## Minimum number of clues

Everything about Sudoku that doesn't fit in one of the other sections
gfroyle wrote:But of course to most people "symmetric" means that it should have a NICE symmetry, like a rotation or maybe a reflection, or maybe both... In general, I think that a group element has to have very few fixed points to qualify as a "nice" symmetry.

In this case we are (currently) out of luck

OK. It's been my cursory observation that puzzles which have "nice" symmetry rarely, if ever have low (sub 20) starting counts too.

gfroyle wrote:Now, just for MY curiousity - if I send you the file of 1000+ puzzles, can your program quickly determine which of them are interesting games-wise?

It would need some minor modifications, but then it would quite easily generate a report on the degree of difficulty of each puzzle. However, please don't send them just yet .
angusj

Posts: 306
Joined: 12 June 2005

Nick70 wrote:
gfroyle wrote:308 x (1^3, 2^3, 3^3)
301 x (1^2, 2^6, 3^2)

Those two would imply 18 and 20 clues respectively. The last one 10 numbers even instead of 9.

BTW the notation is really confusing from a mathematical point of view, something like this would be better:

79 x (1x0, 2x1, 3x2, 3x3)

Blah... just shows that I should NEVER try to transcribe something by hand. Here is the output from my program which should be clear in all ways.. the numbers have changed slightly because more new 17s have been found in the interim...

Code: Select all
`     80 0 1 1 2 2 2 3 3 3     303 0 1 2 2 2 2 2 3 3      58 0 2 2 2 2 2 2 2 3       1 1 1 1 1 1 3 3 3 3      28 1 1 1 1 2 2 3 3 3     308 1 1 1 2 2 2 2 3 3     303 1 1 2 2 2 2 2 2 3 `

The notation that I was attempting to use (2^3) is actually the normal mathematical notation for a multiset - a "set" which can contain some objects more than once. In a printed maths paper, the 2^3 appears as a 2 with a superscript 3, thus indicating "2 occurs 3 times".

But I agree that it doesn't translate well to a more general forum.

Thanks for spotting the error..

gordon
gfroyle

Posts: 214
Joined: 21 June 2005

gfroyle wrote:Things that are "different" from all the others are often interesting mathematically, so here is the single example of type (1^5, 3^4) - notice that there is one each of {1,3,4,8,9} and three each of {2,5,6,7}

Code: Select all
`+ + +  + 6 +  + 3 ++ + +  8 + +  2 + +2 + +  5 + +  + + ++ + +  2 9 +  5 + ++ 7 6  + + +  + + ++ + +  + + +  1 + ++ + +  + + 7  + 6 45 + +  + + +  + + ++ + +  + + +  + 7 +`

How does this rate as an actual puzzle? (I have not yet had time to code up all the "rules" and figure out how to assign a rating to a puzzle...). Probably it cannot be done just using the rules without some backtracking...

Actually, you're wrong - it's a nice, easy little puzzle. Did it using a selection of the more simple logical techniques, no backtracking in sight. :)

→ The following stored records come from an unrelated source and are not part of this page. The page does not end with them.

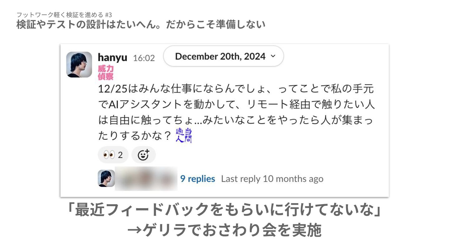 フットワーク軽く検証を進める #3 検証やテストの設計はたいへん。だからこそ準備しない 「最近フィードバックをもらいに⾏けてないな」 →ゲリラでおさわり会を実施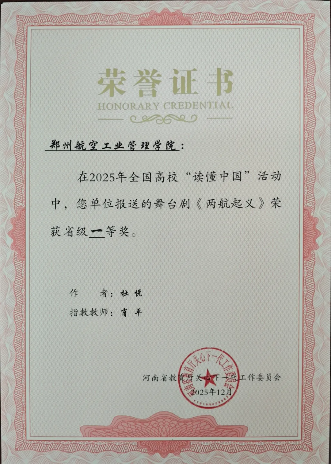 近日,2025年度高校“读懂中国”活动获奖名单正式公布。由民航学院话剧团精心创排的舞台剧《两航起义》,从众多优秀作品中脱颖而出,荣获省级一等奖。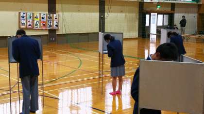 投票用紙を手に、記載台に向かいます。不正や無効票がでないように、選挙管理委員が見守る中、真剣に投票していました。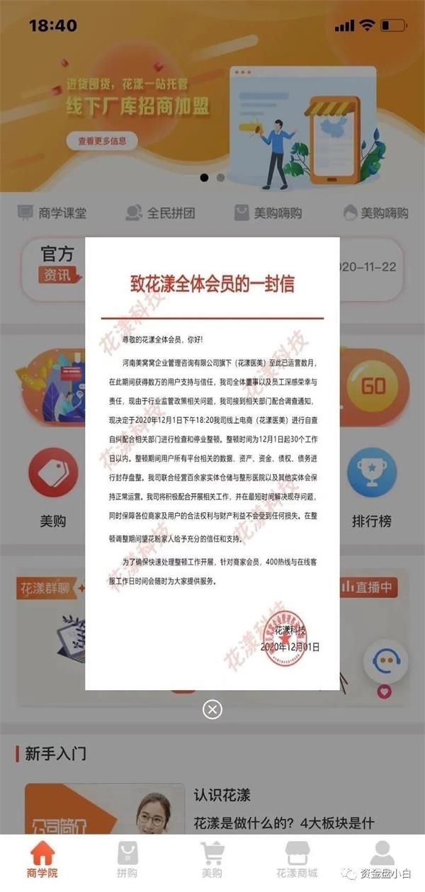 今年12月1日,医美APP花漾医美发布通知称,由于行业监管政策相关问题,其接到相关部门配合调查通知,决定当日进行自查自纠配合相关部门进行检查和停业整顿。整顿日期为30个工作日以内。整顿期间用户所有平台相关的数据、资产、资金、债权、债务进行封存盘整。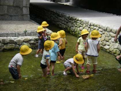 始めのうちは川を歩いたり,飛び石を渡ったり,川の階段をジャンプしながら降りていったり,流れてくる葉っぱを集めたりしていました。川の水は冷たすぎず,気持ちよかったので子どもたちはだんだん大胆になってきました。子どもたちでも姿勢を低くしないと通れないような橋の下を通ったり,黄帽子を川上から流してその橋の下を流れていくのを楽しんだり,またその黄色帽子を順番に拾うことを楽しんでいる子どももいました。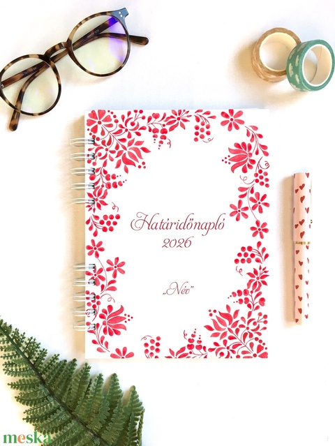 Kalocsai mintás, egyedi borítós határidőnapló 2026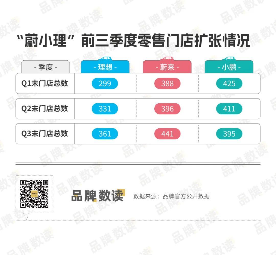 品牌数读梳理的数据显示,今年第三季度,理想净增30家零售门店,蔚来净增45家,小鹏门店依旧在收缩,净减少16家,门店数量从第一季度末的425家缩减至395家。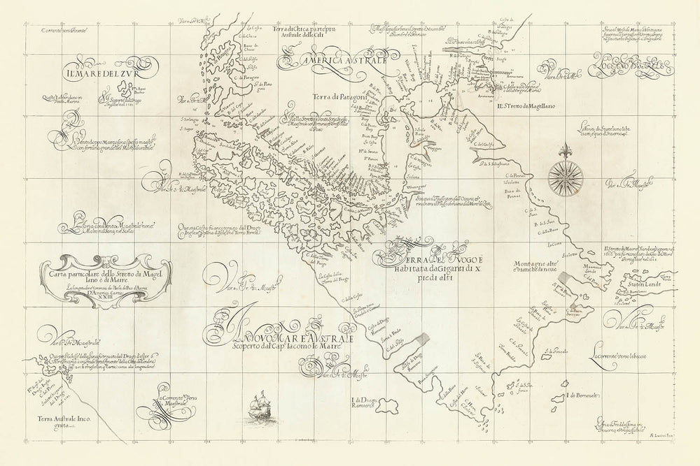 Ajoutant à l'intrigue, la carte préserve les mythes et légendes qui ont coloré les premières explorations. Une note faisant référence aux supposés géants de Patagonie, une histoire née du premier tour du monde de Magellan, suggère le mélange de fait et de folklore qui a accompagné ces voyages périlleux. En bas à gauche, Dudley inclut le continent austral insaisissable, ou Terra Australis, basé sur les récits de Sir Francis Drake—que Dudley connaissait personnellement. Cette masse terrestre spéculative souligne le sens de l'émerveillement de l'époque et la croyance persistante en des mondes non découverts au-delà des mers connues.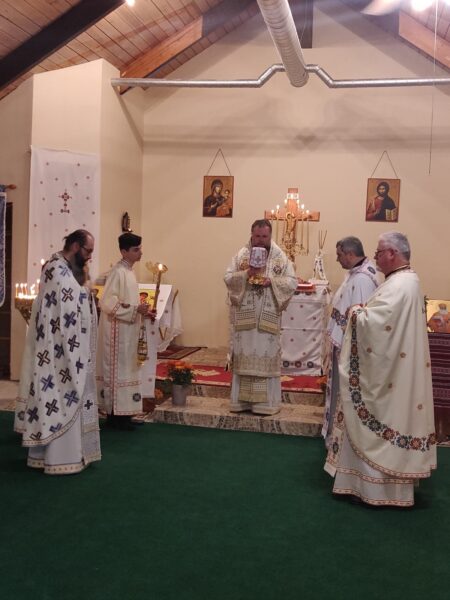Duminică, 3 noiembrie 2019, preotul paroh și credincioșii l-au primit pe Mitropolitul celor două Americi care a oficiat slujba Aghesmei și Sfânta Liturghie în noua biserică.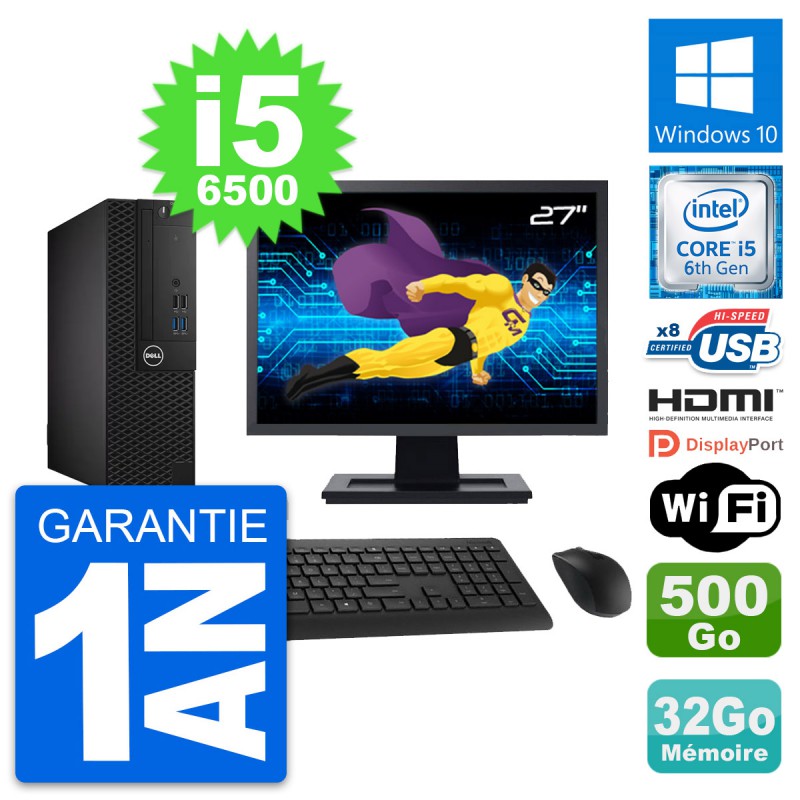 PC Dell OptiPlex 3050 SFF - Intel Core i5-6500 3.2 Ghz (6 Mo) - 32 Go DDR4 - Disque Dur 3,5" 500 Go - Clef Wifi USB - Windows 10 - Livré avec Ecran 27" + clavier + souris (Marques et modèles variables) - Garantie 1 an.

EDIT: Briefly starting the puzzle over, I recognise that this is essentially because the first steps - increasing the numbers of 7s, 5s and 2s, of which there already are a few - are pretty easy. Once we have a few of those, it gets easier and easier.
Hammerite

Posts: 44
Joined: 20 June 2005

### 17 going on 16 !!!!!!!!!!!!!!!!!!!

gfroyle wrote:By now, I have collected 1075 different (ie genuinely different, not just relabellings or rearrangements) uniquely completable 17-hint grids, and about 78000 uniquely completable 18-hint grids.

Thanks - that is interesting work.

Supplementary Qs

Are some of these 17 - hint grids not doable if you row swap/column swop ? [this wouldnt make sense to me]

Has a grid only one way to do a 17 or can a grid have several 17s in it ?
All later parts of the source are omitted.